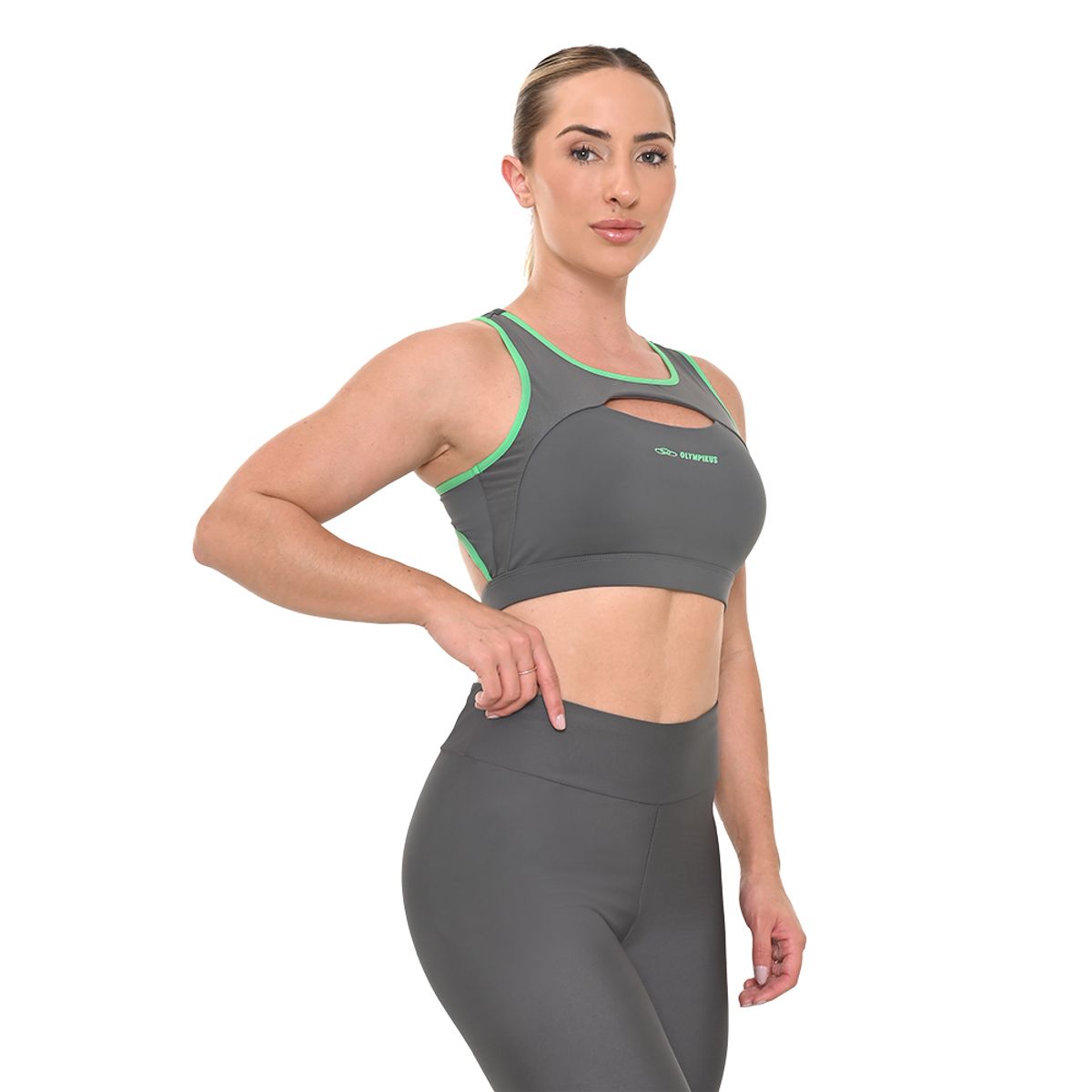 O Top de alto impacto é produzido em tecido de co... Maismpressão em poliamida e elastano, proporcionando alta sustentação com uma sensação de frescor. Seus recortes em tela dupla de poliamida mantém o seu corpo seco e confortável. Já o design das costas proporciona liberdade de movimentos e o tecido do forro em poliamida dá uma sensação de conforto. Também possui regulagem na cintura, permitindo que a peça seja ajustada ao corpo, proporcionando maior firmeza e estabilidade com um caimento firme. Todas as costuras são embutidas para não gerar atrito ao corpo. Possui ainda logo em silk silicone prata. Menos
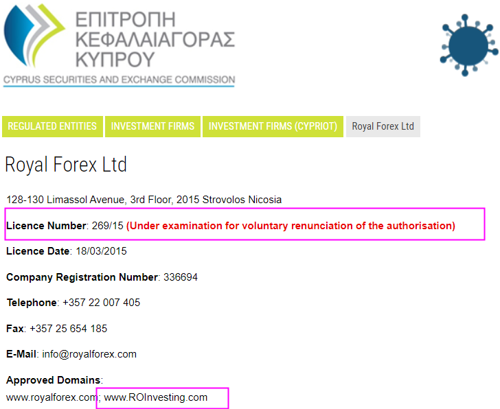 ROinvesting is registered as an CIF (license no. 269/15 ) of CySEC to operate as an investment firm. When checking on the CySEC register, we found the regulatory status of ROinvesting changed into under examination for voluntary renunciation of the authorisation.
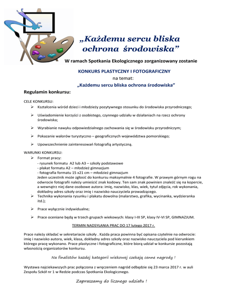 „Każdemu sercu bliska ochrona środowiska” W ramach Spotkania Ekologicznego zorganizowany zostanie KONKURS PLASTYCZNY I FOTOGRAFICZNY na temat: „Każdemu sercu bliska ochrona środowiska” Regulamin konkursu: CELE KONKURSU: Kształcenia wśród dzieci i młodzieży pozytywnego stosunku do środowiska przyrodniczego; Uświadomienie korzyści z osobistego, czynnego udziału w działaniach na rzecz ochrony środowiska; Wyrabianie nawyku odpowiedzialnego zachowania się w środowisku przyrodniczym; Pokazanie walorów turystyczno – geograficznych województwa pomorskiego; Upowszechnienie zainteresowań fotografią artystyczną. WARUNKI KONKURSU: Format pracy: - rysunek formatu A2 lub A3 – szkoły podstawowe - plakat formatu A2 – młodzież gimnazjum - fotografia formatu 15 x21 cm – młodzież gimnazjum Jeden uczestnik może zgłosić do konkursu maksymalnie 4 fotografie. W prawym górnym rogu na odwrocie fotografii należy umieścić znak kodowy. Ten sam znak powinien znaleźć się na kopercie, a wewnątrz niej dane osobowe autora: imię, nazwisko, klas, wiek, tytuł zdjęcia, rok wykonania, dokładny adres szkoły oraz imię i nazwisko nauczyciela prowadzącego. Technika wykonania rysunku i plakatu dowolna (malarstwo, grafika, wycinanka, wydzieranka itd.); Prace wyłącznie indywidualne; Prace oceniane będą w trzech grupach wiekowych: klasy I-III SP, klasy IV-VI SP, GIMNAZJUM. TERMIN NADSYŁANIA PRAC DO 17 lutego 2017 r. Prace należy składać w sekretariacie szkoły . Każda praca powinna być opisana czytelnie na odwrocie: imię i nazwisko autora, wiek, klasa, dokładny adres szkoły oraz nazwisko nauczyciela pod kierunkiem którego pracę wykonano. Prace plastyczne i fotograficzne, które biorą udział w konkursie pozostają własnością organizatorów konkursu. Na finalistów każdej kategorii wiekowej czekają cenne nagrody ! Wystawa najciekawszych prac połączona z wręczeniem nagród odbędzie się 23 marca 2017 r. w auli Zespołu Szkół nr 1 w Redzie podczas Spotkania Ekologicznego. Zapraszamy do licznego udziału !
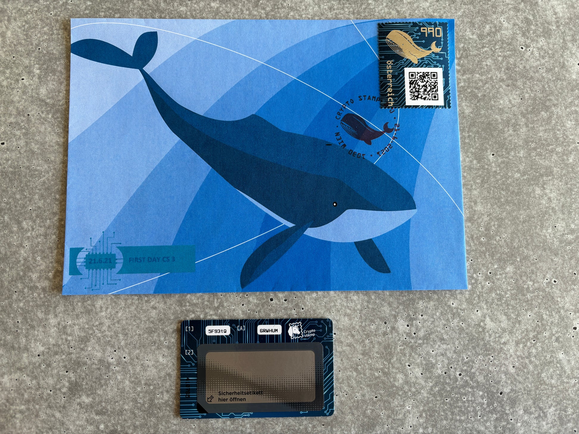 First Day Cover with Whale design envelope. With yellow CS3 whale stamp and official first day cancel.

####

[Work required] All of the material above should be written out exactly as given, minus any images.

[Written response]
 O Top de alto impacto é produzido em tecido de co... Maismpressão em poliamida e elastano, proporcionando alta sustentação com uma sensação de frescor. Seus recortes em tela dupla de poliamida mantém o seu corpo seco e confortável. Já o design das costas proporciona liberdade de movimentos e o tecido do forro em poliamida dá uma sensação de conforto. Também possui regulagem na cintura, permitindo que a peça seja ajustada ao corpo, proporcionando maior firmeza e estabilidade com um caimento firme. Todas as costuras são embutidas para não gerar atrito ao corpo. Possui ainda logo em silk silicone prata. Menos
 ROinvesting is registered as an CIF (license no. 269/15 ) of CySEC to operate as an investment firm. When checking on the CySEC register, we found the regulatory status of ROinvesting changed into under examination for voluntary renunciation of the authorisation.
 „Każdemu sercu bliska ochrona środowiska” W ramach Spotkania Ekologicznego zorganizowany zostanie KONKURS PLASTYCZNY I FOTOGRAFICZNY na temat: „Każdemu sercu bliska ochrona środowiska” Regulamin konkursu: CELE KONKURSU: Kształcenia wśród dzieci i młodzieży pozytywnego stosunku do środowiska przyrodniczego; Uświadomienie korzyści z osobistego, czynnego udziału w działaniach na rzecz ochrony środowiska; Wyrabianie nawyku odpowiedzialnego zachowania się w środowisku przyrodniczym; Pokazanie walorów turystyczno – geograficznych województwa pomorskiego; Upowszechnienie zainteresowań fotografią artystyczną. WARUNKI KONKURSU: Format pracy: - rysunek formatu A2 lub A3 – szkoły podstawowe - plakat formatu A2 – młodzież gimnazjum - fotografia formatu 15 x21 cm – młodzież gimnazjum Jeden uczestnik może zgłosić do konkursu maksymalnie 4 fotografie. W prawym górnym rogu na odwrocie fotografii należy umieścić znak kodowy. Ten sam znak powinien znaleźć się na kopercie, a wewnątrz niej dane osobowe autora: imię, nazwisko, klas, wiek, tytuł zdjęcia, rok wykonania, dokładny adres szkoły oraz imię i nazwisko nauczyciela prowadzącego. Technika wykonania rysunku i plakatu dowolna (malarstwo, grafika, wycinanka, wydzieranka itd.); Prace wyłącznie indywidualne; Prace oceniane będą w trzech grupach wiekowych: klasy I-III SP, klasy IV-VI SP, GIMNAZJUM. TERMIN NADSYŁANIA PRAC DO 17 lutego 2017 r. Prace należy składać w sekretariacie szkoły . Każda praca powinna być opisana czytelnie na odwrocie: imię i nazwisko autora, wiek, klasa, dokładny adres szkoły oraz nazwisko nauczyciela pod kierunkiem którego pracę wykonano. Prace plastyczne i fotograficzne, które biorą udział w konkursie pozostają własnością organizatorów konkursu. Na finalistów każdej kategorii wiekowej czekają cenne nagrody ! Wystawa najciekawszych prac połączona z wręczeniem nagród odbędzie się 23 marca 2017 r. w auli Zespołu Szkół nr 1 w Redzie podczas Spotkania Ekologicznego. Zapraszamy do licznego udziału !
 First Day Cover with Whale design envelope. With yellow CS3 whale stamp and official first day cancel.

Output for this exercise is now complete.